**Problem to work on**
All of the data beneath this instruction is to be transcribed word for word.

**Information supplied**
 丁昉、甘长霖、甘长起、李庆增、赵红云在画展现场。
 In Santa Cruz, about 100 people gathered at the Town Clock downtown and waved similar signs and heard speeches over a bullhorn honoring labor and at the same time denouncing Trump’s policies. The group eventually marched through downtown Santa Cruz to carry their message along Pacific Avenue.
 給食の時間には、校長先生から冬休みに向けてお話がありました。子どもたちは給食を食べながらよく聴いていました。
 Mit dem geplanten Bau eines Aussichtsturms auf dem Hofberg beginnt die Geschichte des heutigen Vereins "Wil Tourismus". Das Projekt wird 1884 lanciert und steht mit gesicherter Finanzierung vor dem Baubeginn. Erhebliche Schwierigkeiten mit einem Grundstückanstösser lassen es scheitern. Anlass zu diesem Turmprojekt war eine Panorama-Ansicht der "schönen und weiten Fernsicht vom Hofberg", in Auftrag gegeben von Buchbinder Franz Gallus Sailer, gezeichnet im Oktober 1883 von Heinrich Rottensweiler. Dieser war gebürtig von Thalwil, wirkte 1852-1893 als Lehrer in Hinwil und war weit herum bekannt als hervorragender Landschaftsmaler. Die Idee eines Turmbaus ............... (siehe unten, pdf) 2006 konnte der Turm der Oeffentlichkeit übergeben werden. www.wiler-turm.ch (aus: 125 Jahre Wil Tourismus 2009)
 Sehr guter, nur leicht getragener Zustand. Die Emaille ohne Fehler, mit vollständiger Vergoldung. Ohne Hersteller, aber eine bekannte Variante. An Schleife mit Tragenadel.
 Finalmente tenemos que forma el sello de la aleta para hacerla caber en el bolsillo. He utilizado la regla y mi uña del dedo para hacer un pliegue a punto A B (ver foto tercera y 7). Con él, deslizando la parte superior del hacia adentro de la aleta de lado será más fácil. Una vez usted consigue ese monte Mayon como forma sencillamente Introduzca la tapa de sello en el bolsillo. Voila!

**Solution for this problem**
 丁昉、甘长霖、甘长起、李庆增、赵红云在画展现场。
 In Santa Cruz, about 100 people gathered at the Town Clock downtown and waved similar signs and heard speeches over a bullhorn honoring labor and at the same time denouncing Trump’s policies. The group eventually marched through downtown Santa Cruz to carry their message along Pacific Avenue.
 給食の時間には、校長先生から冬休みに向けてお話がありました。子どもたちは給食を食べながらよく聴いていました。
 Mit dem geplanten Bau eines Aussichtsturms auf dem Hofberg beginnt die Geschichte des heutigen Vereins "Wil Tourismus". Das Projekt wird 1884 lanciert und steht mit gesicherter Finanzierung vor dem Baubeginn. Erhebliche Schwierigkeiten mit einem Grundstückanstösser lassen es scheitern. Anlass zu diesem Turmprojekt war eine Panorama-Ansicht der "schönen und weiten Fernsicht vom Hofberg", in Auftrag gegeben von Buchbinder Franz Gallus Sailer, gezeichnet im Oktober 1883 von Heinrich Rottensweiler. Dieser war gebürtig von Thalwil, wirkte 1852-1893 als Lehrer in Hinwil und war weit herum bekannt als hervorragender Landschaftsmaler. Die Idee eines Turmbaus ............... (siehe unten, pdf) 2006 konnte der Turm der Oeffentlichkeit übergeben werden. www.wiler-turm.ch (aus: 125 Jahre Wil Tourismus 2009)
 Sehr guter, nur leicht getragener Zustand. Die Emaille ohne Fehler, mit vollständiger Vergoldung. Ohne Hersteller, aber eine bekannte Variante. An Schleife mit Tragenadel.
 Finalmente tenemos que forma el sello de la aleta para hacerla caber en el bolsillo. He utilizado la regla y mi uña del dedo para hacer un pliegue a punto A B (ver foto tercera y 7). Con él, deslizando la parte superior del hacia adentro de la aleta de lado será más fácil. Una vez usted consigue ese monte Mayon como forma sencillamente Introduzca la tapa de sello en el bolsillo. Voila!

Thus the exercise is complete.